> **Work request**:
Instruction for the entries below: return the part that opens with the line containing "Antara perabot yang" and closes with the line containing "до 24 пъти.", exactly, and no pictures.

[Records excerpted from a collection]
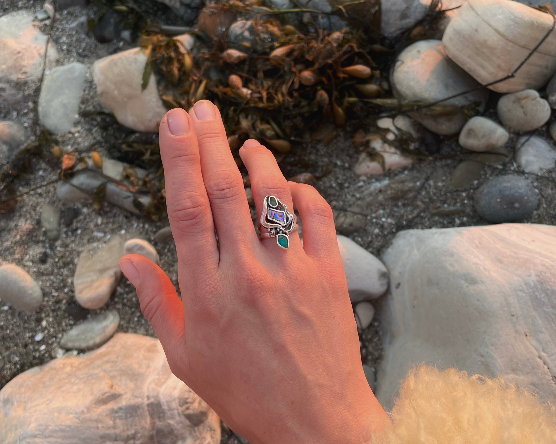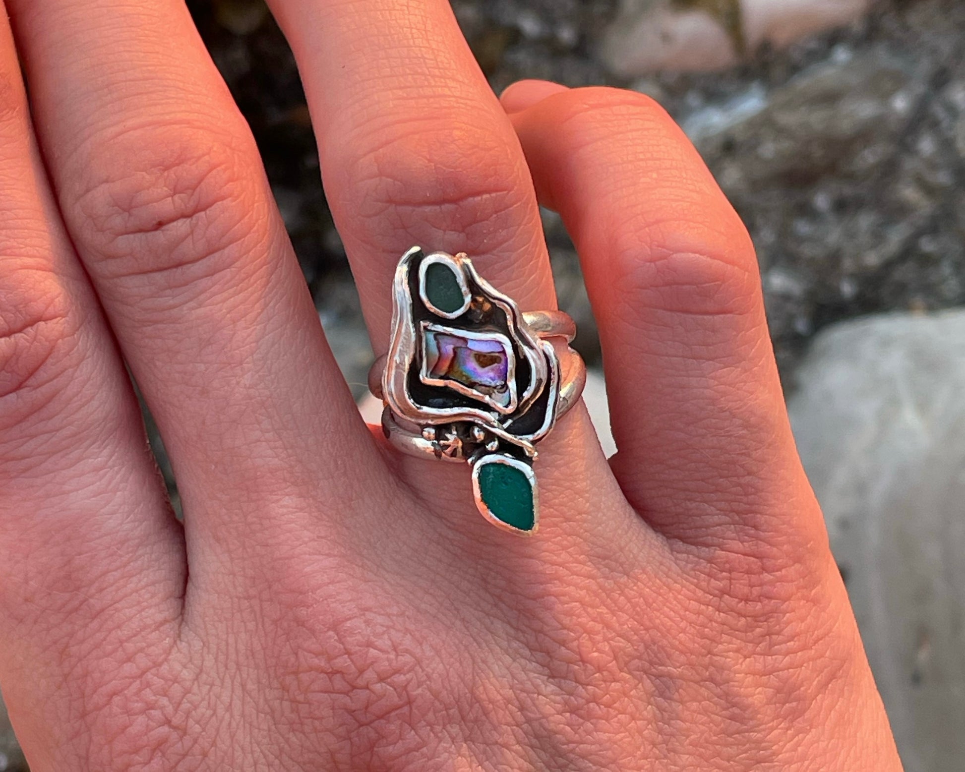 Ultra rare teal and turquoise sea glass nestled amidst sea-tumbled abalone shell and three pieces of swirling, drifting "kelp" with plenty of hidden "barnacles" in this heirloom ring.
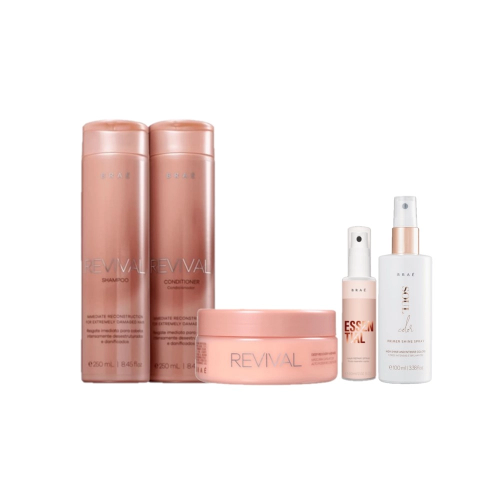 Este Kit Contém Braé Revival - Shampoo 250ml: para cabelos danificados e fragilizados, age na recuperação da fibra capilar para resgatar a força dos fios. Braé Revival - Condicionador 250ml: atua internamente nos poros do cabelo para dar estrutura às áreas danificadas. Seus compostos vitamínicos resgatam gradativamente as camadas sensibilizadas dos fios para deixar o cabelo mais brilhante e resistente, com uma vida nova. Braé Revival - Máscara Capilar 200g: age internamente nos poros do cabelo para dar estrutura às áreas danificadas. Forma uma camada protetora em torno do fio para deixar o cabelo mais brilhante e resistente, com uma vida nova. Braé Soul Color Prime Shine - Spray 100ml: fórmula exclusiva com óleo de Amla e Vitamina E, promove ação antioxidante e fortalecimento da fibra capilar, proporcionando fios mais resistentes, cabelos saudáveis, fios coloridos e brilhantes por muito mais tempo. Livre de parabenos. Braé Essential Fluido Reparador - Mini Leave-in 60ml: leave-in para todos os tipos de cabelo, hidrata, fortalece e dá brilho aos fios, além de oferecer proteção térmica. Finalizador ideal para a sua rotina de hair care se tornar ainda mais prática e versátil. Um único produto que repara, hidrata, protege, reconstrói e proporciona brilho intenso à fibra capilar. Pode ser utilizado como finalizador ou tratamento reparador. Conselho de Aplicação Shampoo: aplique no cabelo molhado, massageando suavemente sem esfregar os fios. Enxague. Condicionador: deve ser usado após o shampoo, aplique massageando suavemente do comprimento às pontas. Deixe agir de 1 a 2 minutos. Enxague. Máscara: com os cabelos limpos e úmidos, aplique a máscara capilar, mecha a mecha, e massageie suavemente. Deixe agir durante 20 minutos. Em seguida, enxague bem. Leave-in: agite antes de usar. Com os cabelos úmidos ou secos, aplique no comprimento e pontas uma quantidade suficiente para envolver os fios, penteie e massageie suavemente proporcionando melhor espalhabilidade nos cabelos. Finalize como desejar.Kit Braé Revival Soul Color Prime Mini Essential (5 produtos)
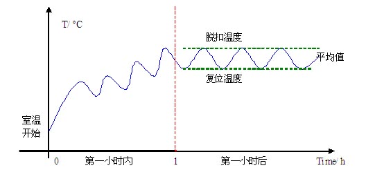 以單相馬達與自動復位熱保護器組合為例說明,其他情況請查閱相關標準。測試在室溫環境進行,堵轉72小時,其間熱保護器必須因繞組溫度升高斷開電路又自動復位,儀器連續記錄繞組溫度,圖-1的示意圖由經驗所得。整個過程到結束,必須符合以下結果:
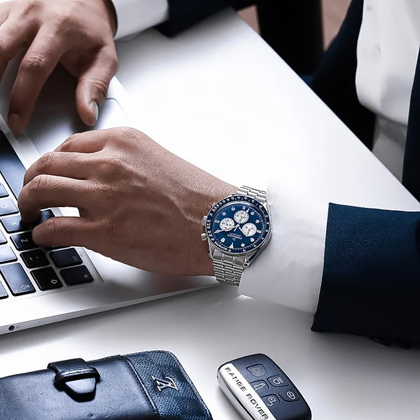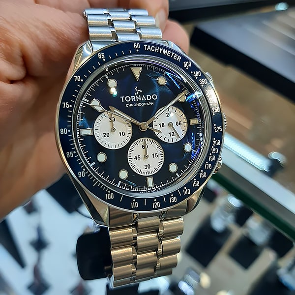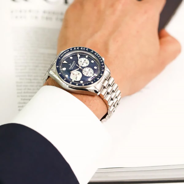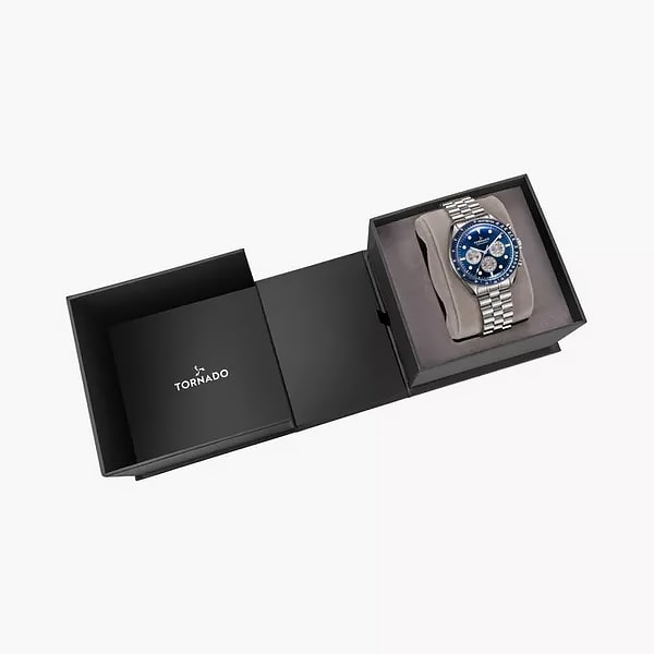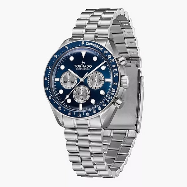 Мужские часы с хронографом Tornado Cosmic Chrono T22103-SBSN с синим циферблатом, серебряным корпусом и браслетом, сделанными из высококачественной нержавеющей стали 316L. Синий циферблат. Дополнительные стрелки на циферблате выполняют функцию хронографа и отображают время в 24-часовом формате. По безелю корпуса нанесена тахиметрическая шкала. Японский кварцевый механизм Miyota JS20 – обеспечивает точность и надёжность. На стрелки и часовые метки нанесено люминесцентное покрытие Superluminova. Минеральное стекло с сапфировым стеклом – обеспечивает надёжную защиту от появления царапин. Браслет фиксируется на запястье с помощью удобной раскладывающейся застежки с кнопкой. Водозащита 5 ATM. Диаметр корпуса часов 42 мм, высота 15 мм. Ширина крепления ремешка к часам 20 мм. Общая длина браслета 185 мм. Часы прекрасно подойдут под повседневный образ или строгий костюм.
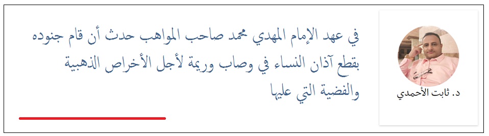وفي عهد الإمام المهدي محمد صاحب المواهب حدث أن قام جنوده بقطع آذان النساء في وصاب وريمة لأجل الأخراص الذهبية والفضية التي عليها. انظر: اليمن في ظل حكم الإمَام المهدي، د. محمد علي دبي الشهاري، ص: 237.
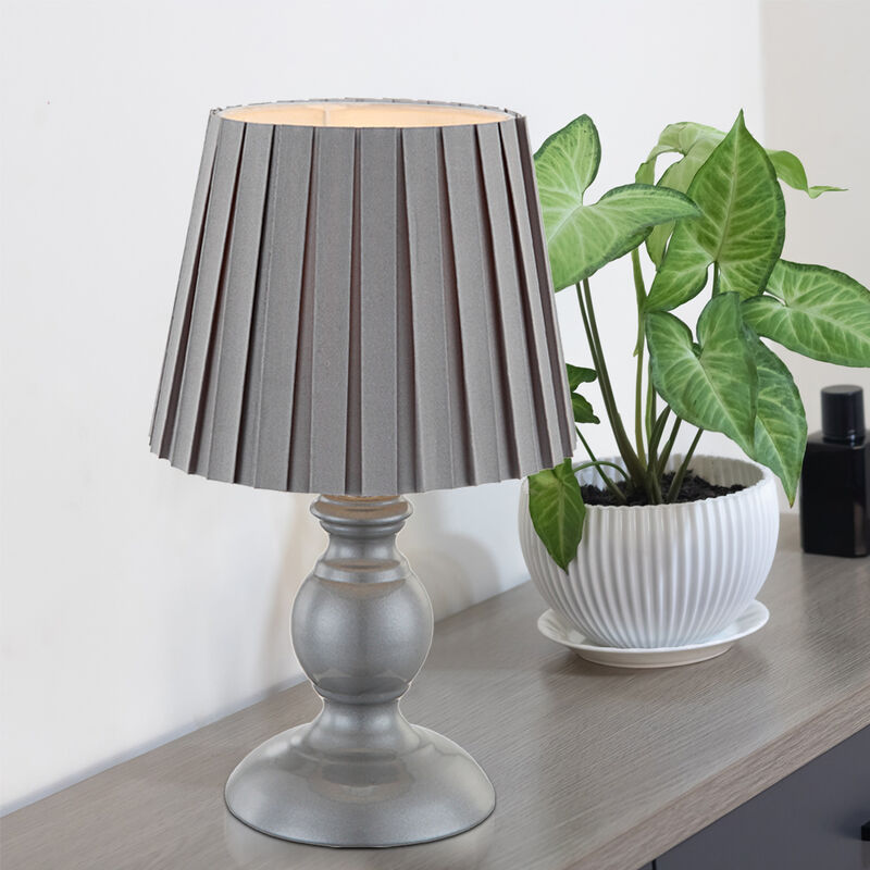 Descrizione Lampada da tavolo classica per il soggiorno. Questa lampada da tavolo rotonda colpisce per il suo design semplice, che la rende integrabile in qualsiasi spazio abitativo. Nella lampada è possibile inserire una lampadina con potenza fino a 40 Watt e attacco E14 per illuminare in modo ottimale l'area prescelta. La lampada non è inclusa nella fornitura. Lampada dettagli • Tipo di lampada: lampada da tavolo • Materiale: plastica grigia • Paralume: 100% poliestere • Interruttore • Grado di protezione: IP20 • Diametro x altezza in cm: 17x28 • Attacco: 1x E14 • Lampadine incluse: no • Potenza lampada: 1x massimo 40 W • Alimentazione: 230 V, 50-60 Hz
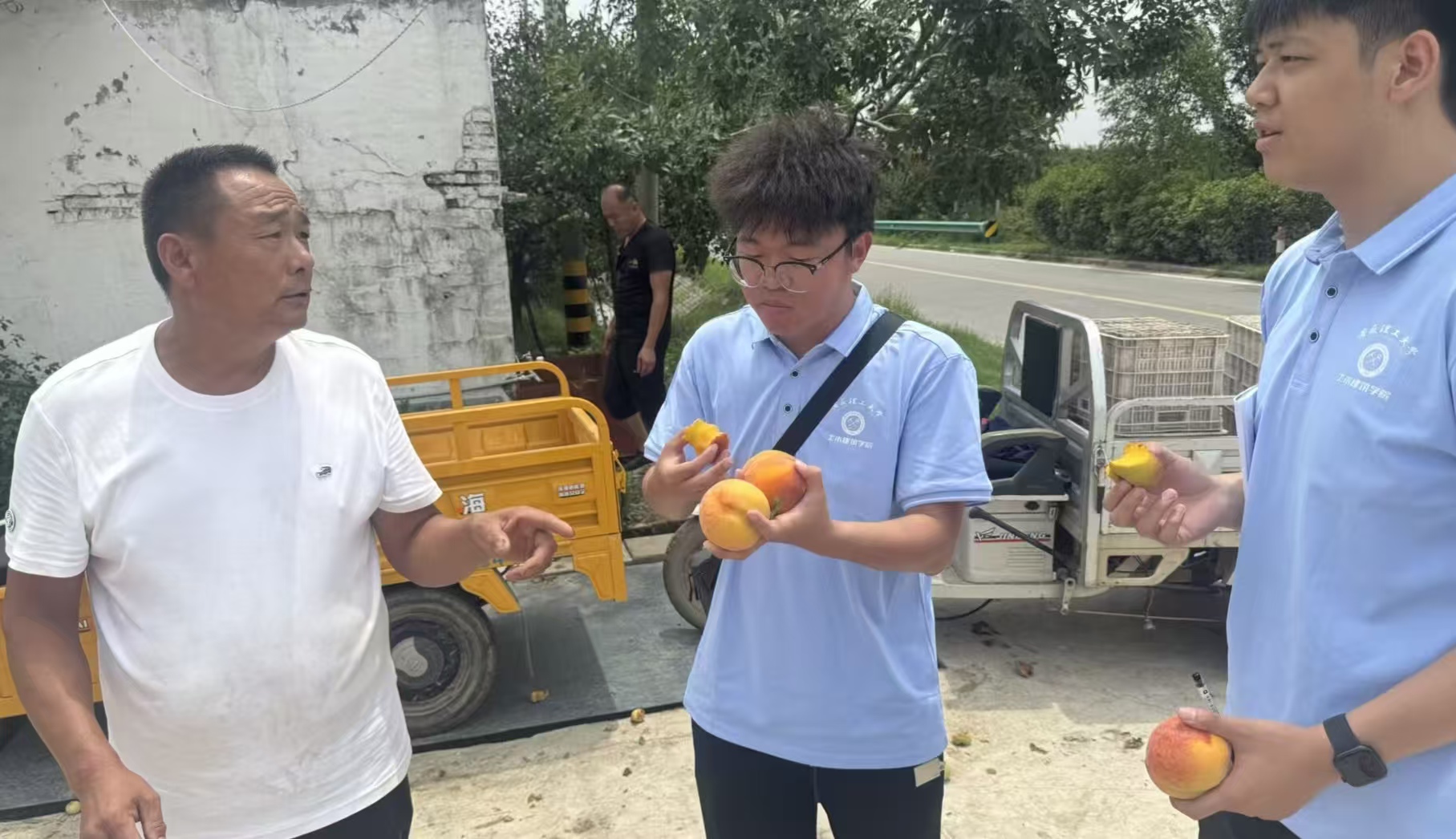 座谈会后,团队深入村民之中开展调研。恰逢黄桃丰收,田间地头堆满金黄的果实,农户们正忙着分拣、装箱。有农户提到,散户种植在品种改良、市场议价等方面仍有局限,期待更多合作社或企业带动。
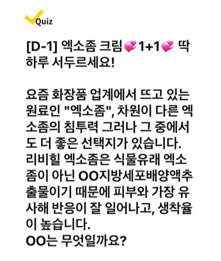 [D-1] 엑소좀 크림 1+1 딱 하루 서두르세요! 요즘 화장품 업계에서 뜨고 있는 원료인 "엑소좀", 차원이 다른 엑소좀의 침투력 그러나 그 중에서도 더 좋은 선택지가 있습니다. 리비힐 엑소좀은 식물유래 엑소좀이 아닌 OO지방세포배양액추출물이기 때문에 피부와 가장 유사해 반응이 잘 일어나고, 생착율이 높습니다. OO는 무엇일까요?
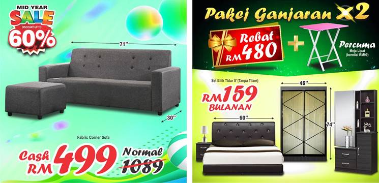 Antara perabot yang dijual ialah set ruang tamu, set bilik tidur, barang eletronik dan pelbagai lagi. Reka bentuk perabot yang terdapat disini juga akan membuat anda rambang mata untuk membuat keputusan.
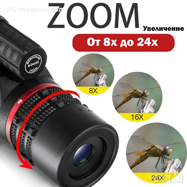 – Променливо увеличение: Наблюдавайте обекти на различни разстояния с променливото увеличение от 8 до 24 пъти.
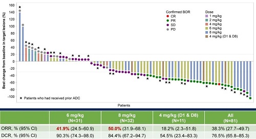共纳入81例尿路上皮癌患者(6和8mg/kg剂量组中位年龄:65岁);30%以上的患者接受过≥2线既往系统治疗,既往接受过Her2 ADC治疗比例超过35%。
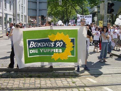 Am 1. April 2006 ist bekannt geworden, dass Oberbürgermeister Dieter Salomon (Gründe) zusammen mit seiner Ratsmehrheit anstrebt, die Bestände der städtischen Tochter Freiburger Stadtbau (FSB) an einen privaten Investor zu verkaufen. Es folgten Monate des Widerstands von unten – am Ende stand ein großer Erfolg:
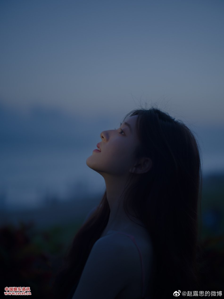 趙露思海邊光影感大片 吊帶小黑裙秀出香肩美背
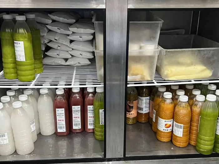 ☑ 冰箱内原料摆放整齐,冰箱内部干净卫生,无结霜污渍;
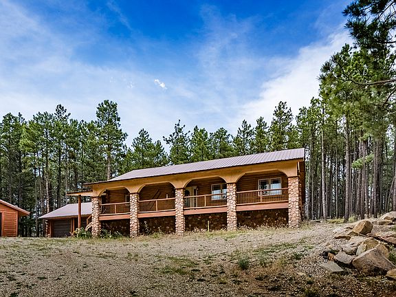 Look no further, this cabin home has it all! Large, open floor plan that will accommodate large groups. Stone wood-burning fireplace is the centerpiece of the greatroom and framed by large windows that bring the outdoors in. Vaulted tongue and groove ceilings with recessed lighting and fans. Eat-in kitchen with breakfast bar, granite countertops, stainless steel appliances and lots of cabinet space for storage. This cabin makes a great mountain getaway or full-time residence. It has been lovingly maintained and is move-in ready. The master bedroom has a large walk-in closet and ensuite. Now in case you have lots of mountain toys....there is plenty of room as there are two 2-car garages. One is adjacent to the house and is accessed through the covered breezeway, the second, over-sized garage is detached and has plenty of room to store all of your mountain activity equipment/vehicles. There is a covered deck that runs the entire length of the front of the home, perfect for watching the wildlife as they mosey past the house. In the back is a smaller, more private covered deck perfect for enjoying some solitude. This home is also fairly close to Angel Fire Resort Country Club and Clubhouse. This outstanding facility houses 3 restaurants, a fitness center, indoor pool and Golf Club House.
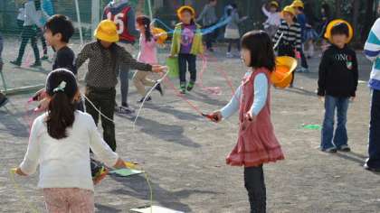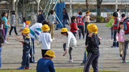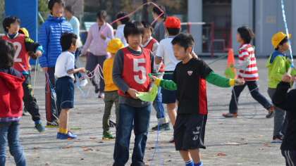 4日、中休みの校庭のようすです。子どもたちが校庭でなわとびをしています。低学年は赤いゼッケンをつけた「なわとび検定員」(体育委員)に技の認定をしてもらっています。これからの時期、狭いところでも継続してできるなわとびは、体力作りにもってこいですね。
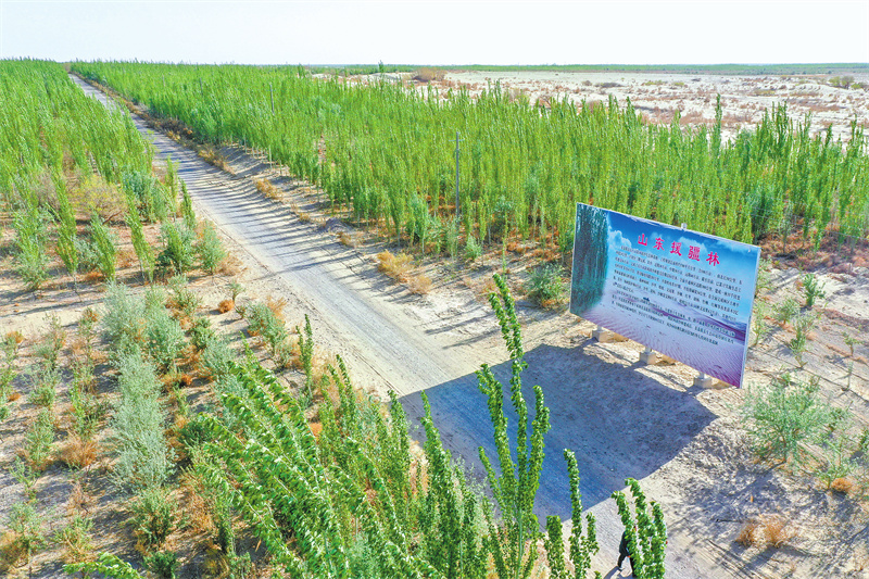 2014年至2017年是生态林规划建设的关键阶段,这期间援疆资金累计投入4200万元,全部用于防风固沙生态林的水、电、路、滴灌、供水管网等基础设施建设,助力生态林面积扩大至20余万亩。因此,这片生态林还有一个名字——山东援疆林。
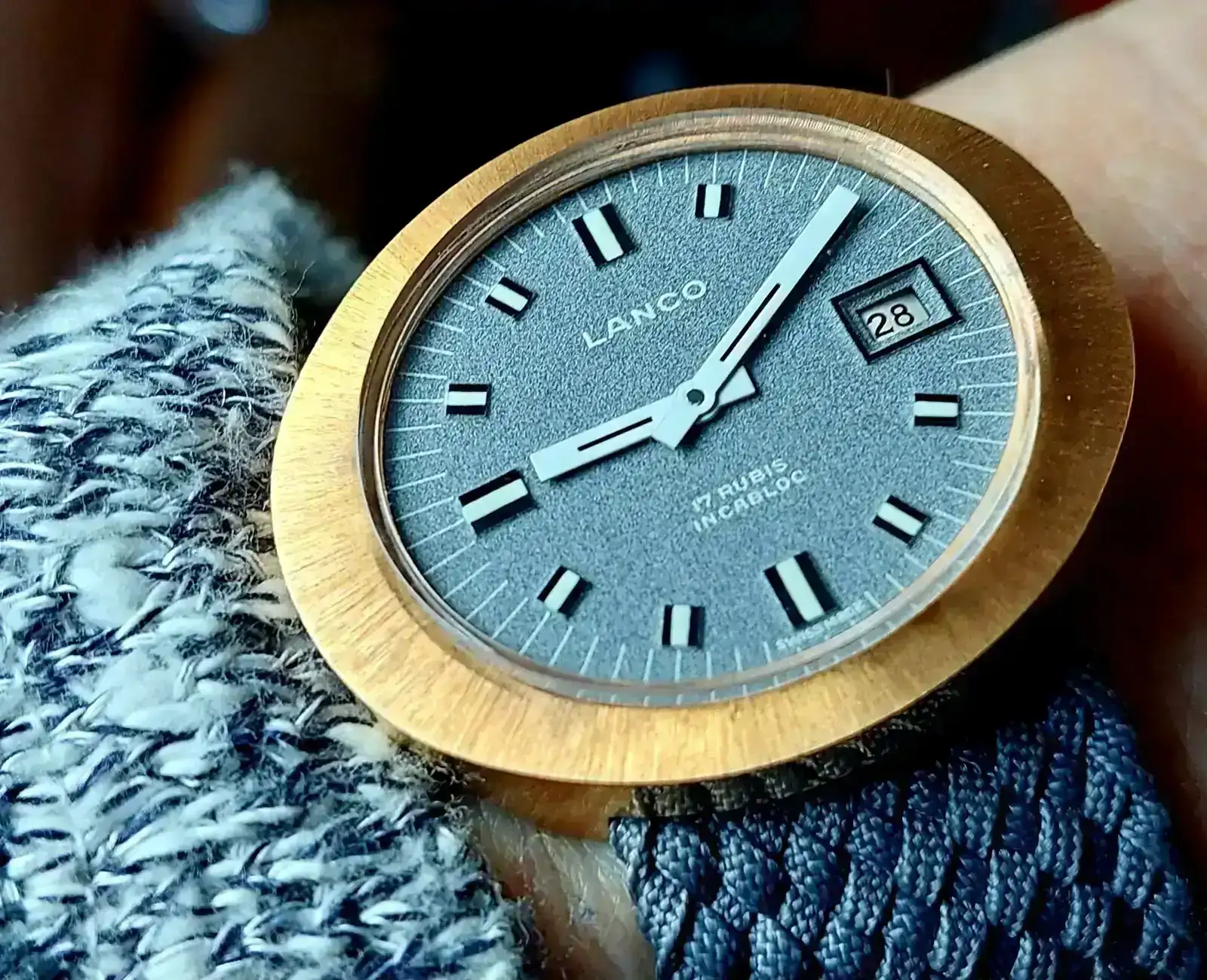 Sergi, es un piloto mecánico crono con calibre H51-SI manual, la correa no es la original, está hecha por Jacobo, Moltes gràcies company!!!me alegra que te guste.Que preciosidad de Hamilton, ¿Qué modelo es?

> **Task answer**:
 Antara perabot yang dijual ialah set ruang tamu, set bilik tidur, barang eletronik dan pelbagai lagi. Reka bentuk perabot yang terdapat disini juga akan membuat anda rambang mata untuk membuat keputusan.
 – Променливо увеличение: Наблюдавайте обекти на различни разстояния с променливото увеличение от 8 до 24 пъти.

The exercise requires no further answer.